##### Material supplied #####
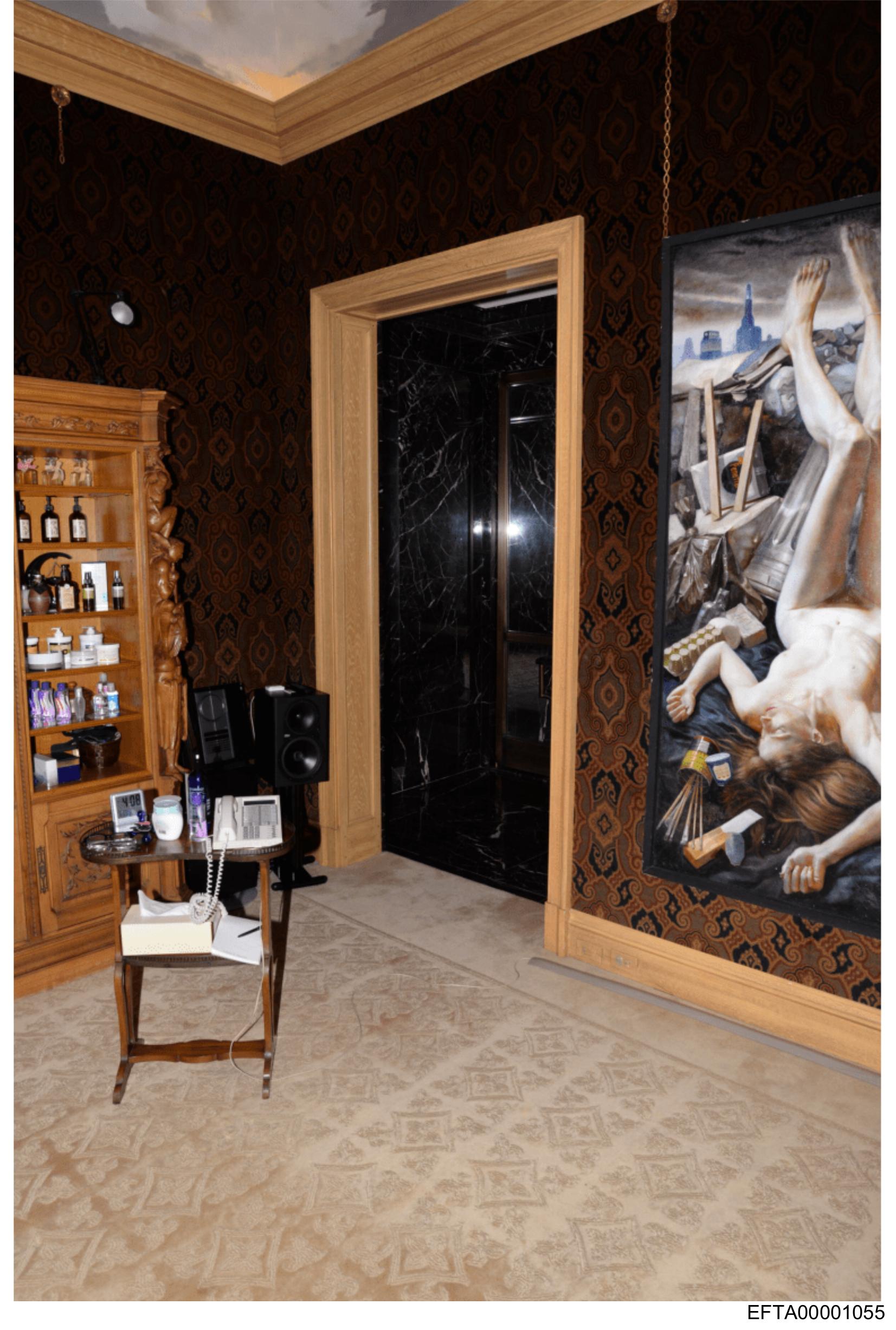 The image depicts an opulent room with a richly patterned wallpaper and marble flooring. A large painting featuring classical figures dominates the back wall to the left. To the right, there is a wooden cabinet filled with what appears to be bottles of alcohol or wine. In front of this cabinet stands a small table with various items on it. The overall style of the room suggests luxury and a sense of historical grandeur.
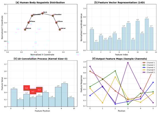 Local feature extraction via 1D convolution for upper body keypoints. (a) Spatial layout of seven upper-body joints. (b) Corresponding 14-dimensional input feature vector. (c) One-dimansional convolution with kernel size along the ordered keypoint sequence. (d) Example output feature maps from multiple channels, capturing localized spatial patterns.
#####
##### Material supplied #####
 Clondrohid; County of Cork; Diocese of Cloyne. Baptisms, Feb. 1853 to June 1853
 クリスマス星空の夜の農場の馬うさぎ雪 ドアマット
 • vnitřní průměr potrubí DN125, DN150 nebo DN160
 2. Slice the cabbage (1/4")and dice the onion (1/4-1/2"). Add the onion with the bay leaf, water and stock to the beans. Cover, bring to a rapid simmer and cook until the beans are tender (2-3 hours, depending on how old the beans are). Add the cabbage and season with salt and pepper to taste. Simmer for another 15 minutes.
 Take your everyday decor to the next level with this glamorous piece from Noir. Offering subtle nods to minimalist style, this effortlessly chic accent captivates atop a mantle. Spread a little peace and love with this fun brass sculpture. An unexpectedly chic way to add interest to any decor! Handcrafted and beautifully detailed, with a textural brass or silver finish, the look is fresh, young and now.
#####
Activity: Return, with no change at all, every line in the entries above from the line containing "Clondrohid; County of" through the line containing "DN150 nebo DN160".

Task output:
 Clondrohid; County of Cork; Diocese of Cloyne. Baptisms, Feb. 1853 to June 1853
 クリスマス星空の夜の農場の馬うさぎ雪 ドアマット
 • vnitřní průměr potrubí DN125, DN150 nebo DN160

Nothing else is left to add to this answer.